# Vlad! I hardly knew you.



## fleetfish (Jun 29, 2010)

OMG I just found him dead ... don't know what or how or why :-(

I only had him for a month. Hardly enough to know him. He was a sweet little boy ... had the most beautiful colours too. His tail had darkened to royal blue and his body remained white. 

Rest In Peace baby. You were loved. And you will be missed.


----------



## Sweeda88 (Dec 6, 2010)

I'm so sorry. He was gorgeous. =( RIP, Vlad.


----------



## Shimizoki (Jul 8, 2011)

I'm sorry fleet, sorry if this brings up some painful memories, but didn't you just have another one pass? If they are in the same tank it might be something to look into. However I could be thinking of one of the older threads.

On a more empathetic note:
He really was a beautiful CT, may he rest in piece. I hope your heart heals quickly.


----------



## xswornxoffxjello (Mar 18, 2010)

I'm really sorry fleetfish.


----------



## fightergirl2710 (Jun 9, 2011)

Vlad was beautiful Fleetfish, I'm sorry you lost him so early, I'm sure he'll be missing you wherever he is. Rest in Peace Vlad.


----------



## fishman12 (Sep 1, 2010)

RIP Vlad... Sorry for your loss.


----------



## fleetfish (Jun 29, 2010)

Shimizoki said:


> I'm sorry fleet, sorry if this brings up some painful memories, but didn't you just have another one pass? If they are in the same tank it might be something to look into. However I could be thinking of one of the older threads.
> 
> On a more empathetic note:
> He really was a beautiful CT, may he rest in piece. I hope your heart heals quickly.


It's okay Shim. No, he had a 2.5 to himself but I've had a rough time with my old sorority females, two of which have died within the last few weeks. 
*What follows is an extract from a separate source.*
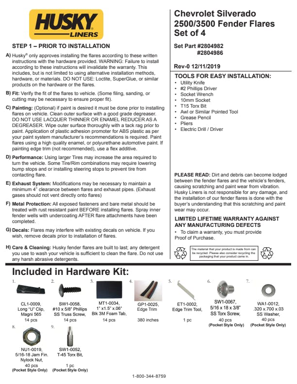 - Pocket Style Fender Flares are covered by Husky Liners Limited Lifetime Warranty, featuring Husky's legendary durability, so they're built to last. Proudly made in the USA with global materials.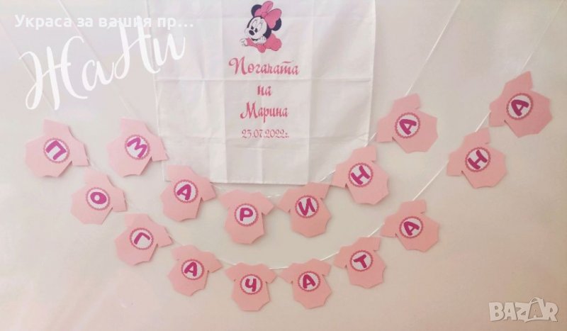 Украса За бебешка погача на тема Мини Маус *надпис *месал за разчупване на питката с името на детето → Обява 37497991

Thank you everyone for your kind words


----------



## kathstew (Feb 23, 2011)

I'm sorry fleetfish.


----------



## TheBlueBettaFish (Jun 30, 2011)

I'm sorry for your loss. :'(

Whats a fleet fish?


----------



## dramaqueen (Jul 7, 2008)

I'm so sorry about Vlad. He was gorgeous.


----------



## nunuchan (Nov 6, 2010)

What a beautiful crowntail! Rest in peace, Vlad. My heart goes out to you.


----------